Helping liberals get out of their own way.

Klein, a New York Times columnist, and Thompson, an Atlantic staffer, lean to the left, but they aren’t interrogating the usual suspects. Aware that many conservatives have no interest in their opinions, the authors target their own side’s “pathologies.” Why do red states greenlight the kind of renewable energy projects that often languish in blue states? Why does liberal California have the nation’s most severe homelessness and housing affordability crises? One big reason: Liberal leadership has ensnared itself in a web of well-intentioned yet often onerous “goals, standards, and rules.” This “procedural kludge,” partially shaped by lawyers who pioneered a “democracy by lawsuit” strategy in the 1960s, threatens to stymie key breakthroughs. Consider the anti-pollution laws passed after World War II. In the decades since, homeowners’ groups in liberal locales have cited such statutes in lawsuits meant to stop new affordable housing. Today, these laws “block the clean energy projects” required to tackle climate change.

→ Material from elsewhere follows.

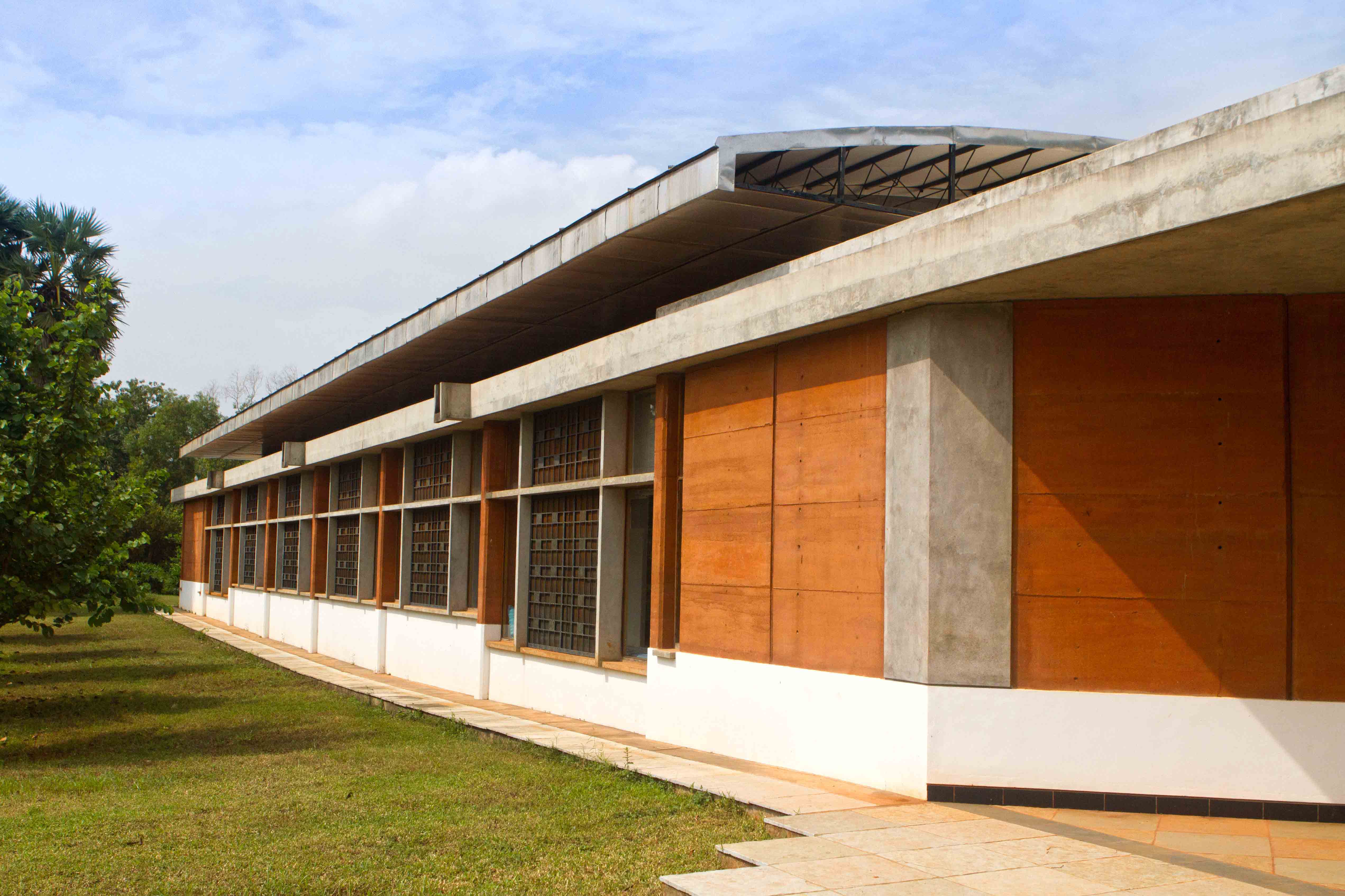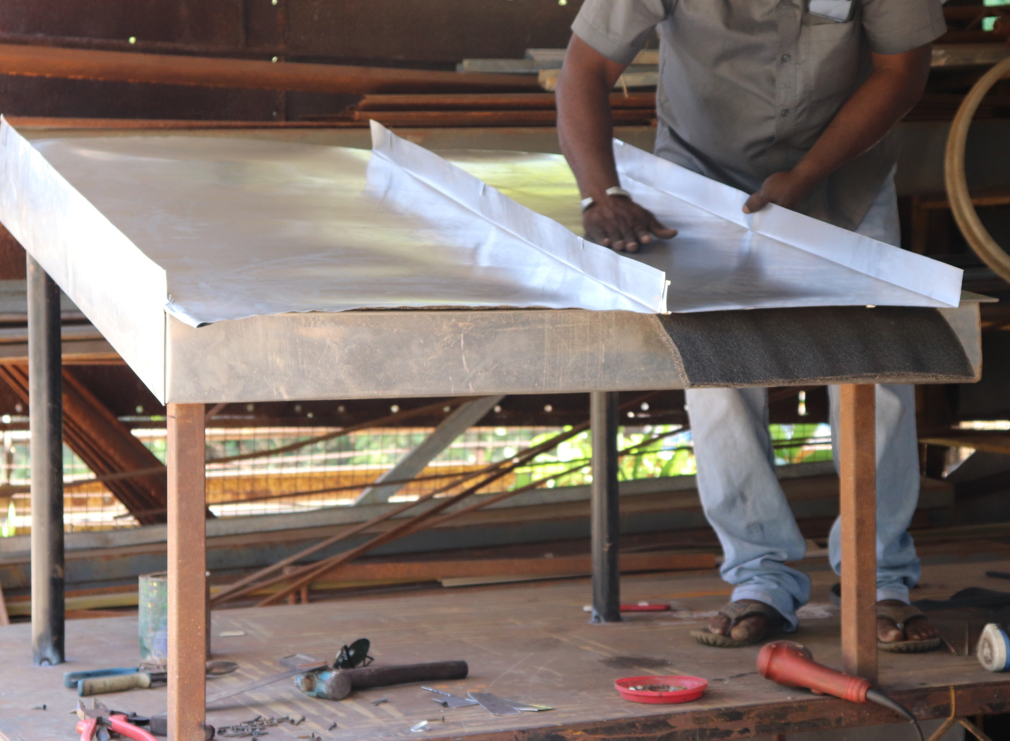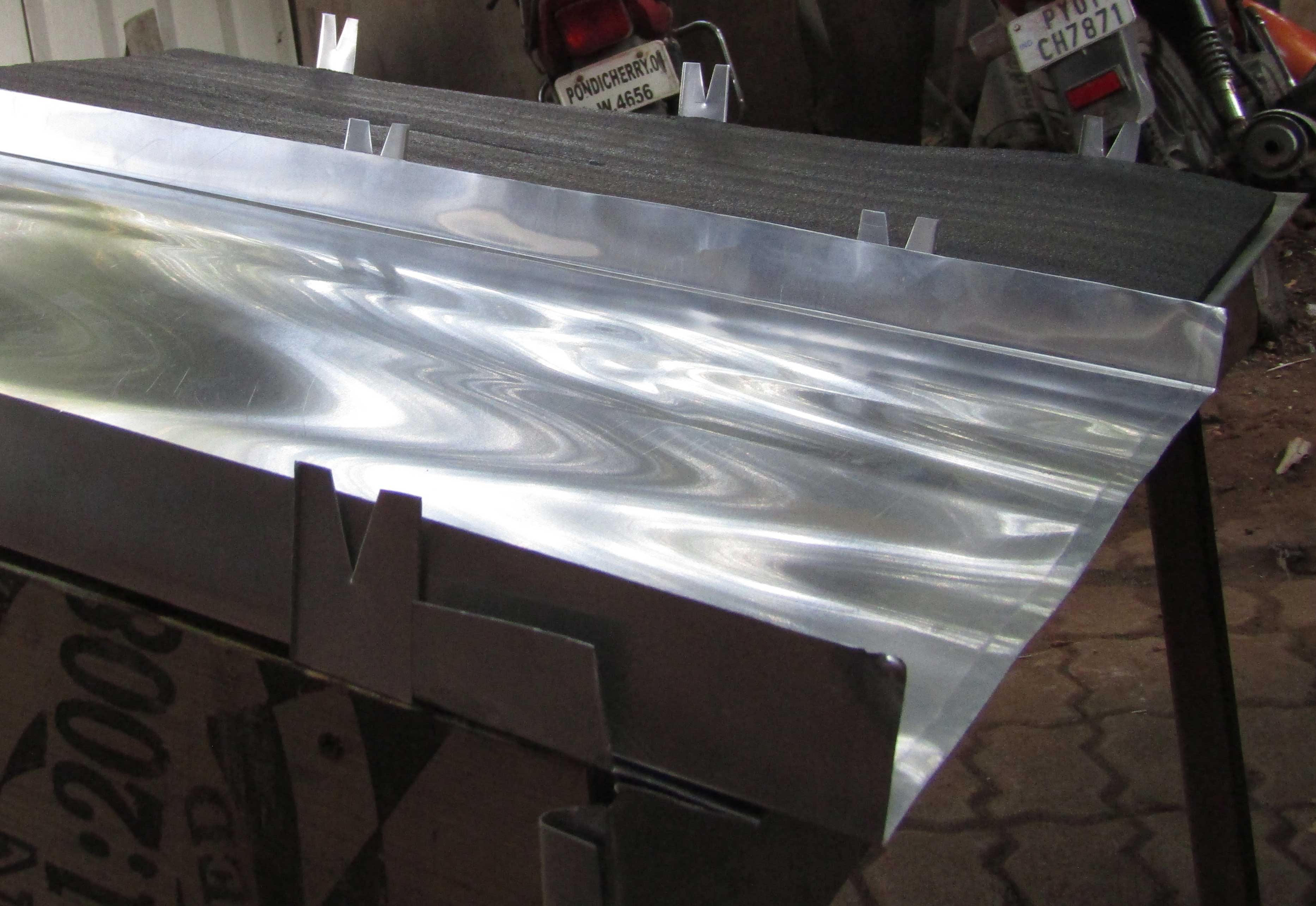 In Auroville, some of us have been designing and building aluminium (corrugated and non-corrugated sheets) roofing since the late 90s as we had a highly skilled resident metal roof craftsperson who trained a handful of local metal fabricators of grills and gates. The design of the roof shape combines various aspects like the structure, function of the building, economy and timeline along with ascetics of form and proportion. As the heat transfer is high during the day, it is desirable to have good insulation that is adapted with the false ceiling. This also helps with the noise of the rain that can be quite deafening otherwise. In some parts of the world the metal roof is disconnected from the insulation by a maintaining a gap of 4-6 inches allowing for air flow as heat exchange. The anodized sheet develops a weathered patina within one seasonal cycle, making it less reflective to prevent reflected glare to the surrounding, and retaining enough reflectivity to prevent heat gain.

Nuclear energy is “inarguably safer” than the fossil fuel variety, but because Washington doesn’t always “properly weigh risk,” it almost never builds new reactors. Meanwhile, technologies that may cure disease or slash the carbon footprint of cement production benefit from government support, but too often the grant process “rewards caution and punishes outsider thinking.” The authors call this style of governing “everything-bagel liberalism,” so named because of its many government mandates. Instead, they envision “a politics of abundance” that would remake travel, work, and health. This won’t happen without “changing the processes that make building and inventing so hard.” It’s time, then, to scrutinize everything from municipal zoning regulations to the paperwork requirements for scientists getting federal funding. The authors’ debut as a duo is very smart and eminently useful.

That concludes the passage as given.